GIVEN INFORMATION.
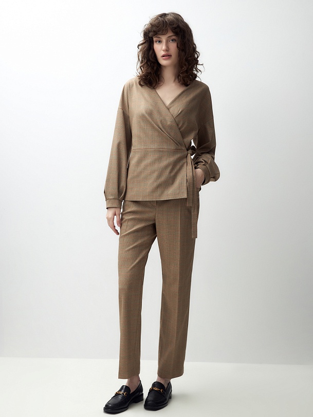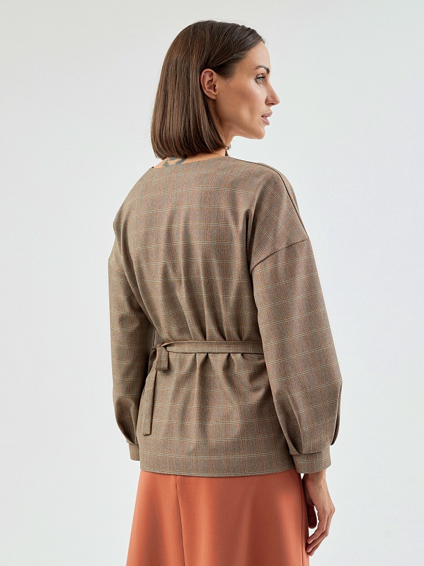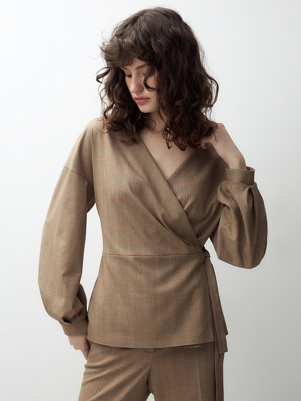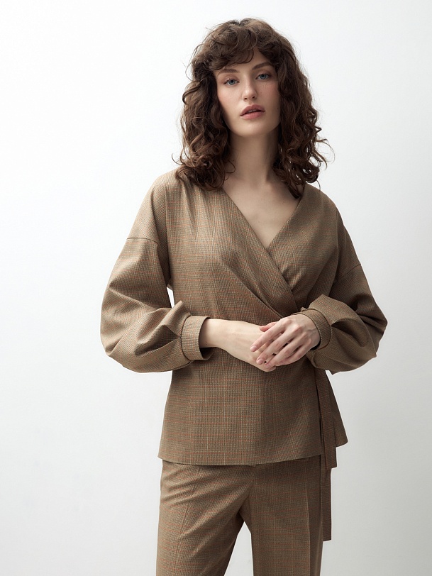 Приталенный жакет на запах с V-образным вырезом с тонким поясом из основной ткани. Спущенное мягкое плечо с рукавом на небольшом манжете и сборкой по низу. Жакет выполнен из костюмной вискозной ткани в бежево-золотистую клетку. Такой мягкий жакет составит идеальный образ с юбкой миди на запах.
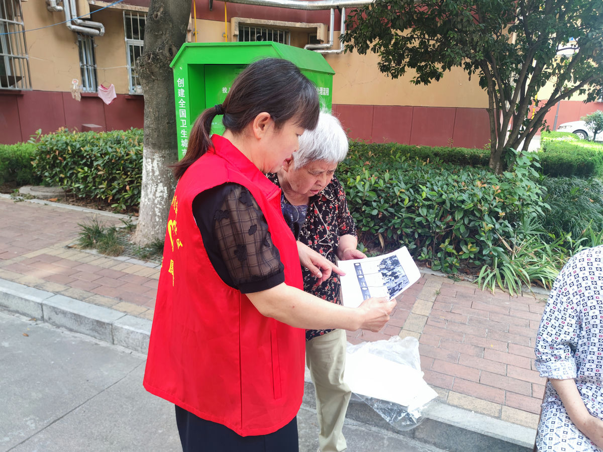 社区工作人员对辖区居民进行慈善捐款事项进行宣传
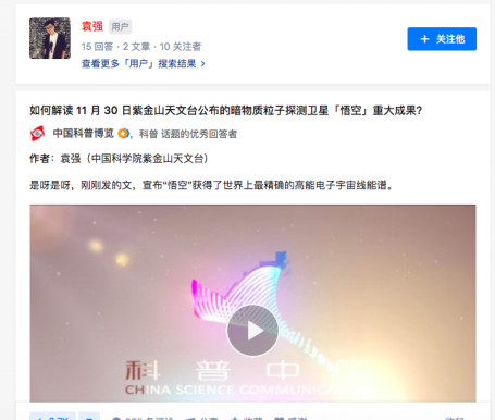 活動現(xiàn)場嘉賓黎耕、袁強(qiáng)等人,除了是天文研究員的身份以外,他們同時(shí)也作為知乎用戶在站內(nèi)分享著自己專業(yè)的知識、經(jīng)驗(yàn)、見解。作為2017年國內(nèi)乃至世界最受關(guān)注的天文界事件,《自然》雜志 11 月 29 日發(fā)表我國暗物質(zhì)粒子衛(wèi)星“悟空”的首個(gè)科學(xué)成果,宣布獲得了世界上最精確的高能電子宇宙線能譜。在知乎上,該事件同樣受到大量用戶的關(guān)注與討論,站內(nèi)機(jī)構(gòu)號“中國科普博覽”更是發(fā)起免費(fèi)Live解讀“悟空”暗物質(zhì)粒子的新發(fā)現(xiàn)——“如何解讀 11 月 30 日紫金山天文臺公布的暗物質(zhì)粒子探測衛(wèi)星「悟空」重大成果?”中國科學(xué)院紫金山天文臺研究院袁強(qiáng)就參與了討論回答,引來網(wǎng)友點(diǎn)贊。

ABOUT THIS TASK. Go from the first line of the data above to the line containing "社区工作人员对辖区居民进行慈善捐款事项进行宣传" and retype exactly those lines, both included, but none of the pictures.

SOLVED PROBLEM.
 Приталенный жакет на запах с V-образным вырезом с тонким поясом из основной ткани. Спущенное мягкое плечо с рукавом на небольшом манжете и сборкой по низу. Жакет выполнен из костюмной вискозной ткани в бежево-золотистую клетку. Такой мягкий жакет составит идеальный образ с юбкой миди на запах.
 社区工作人员对辖区居民进行慈善捐款事项进行宣传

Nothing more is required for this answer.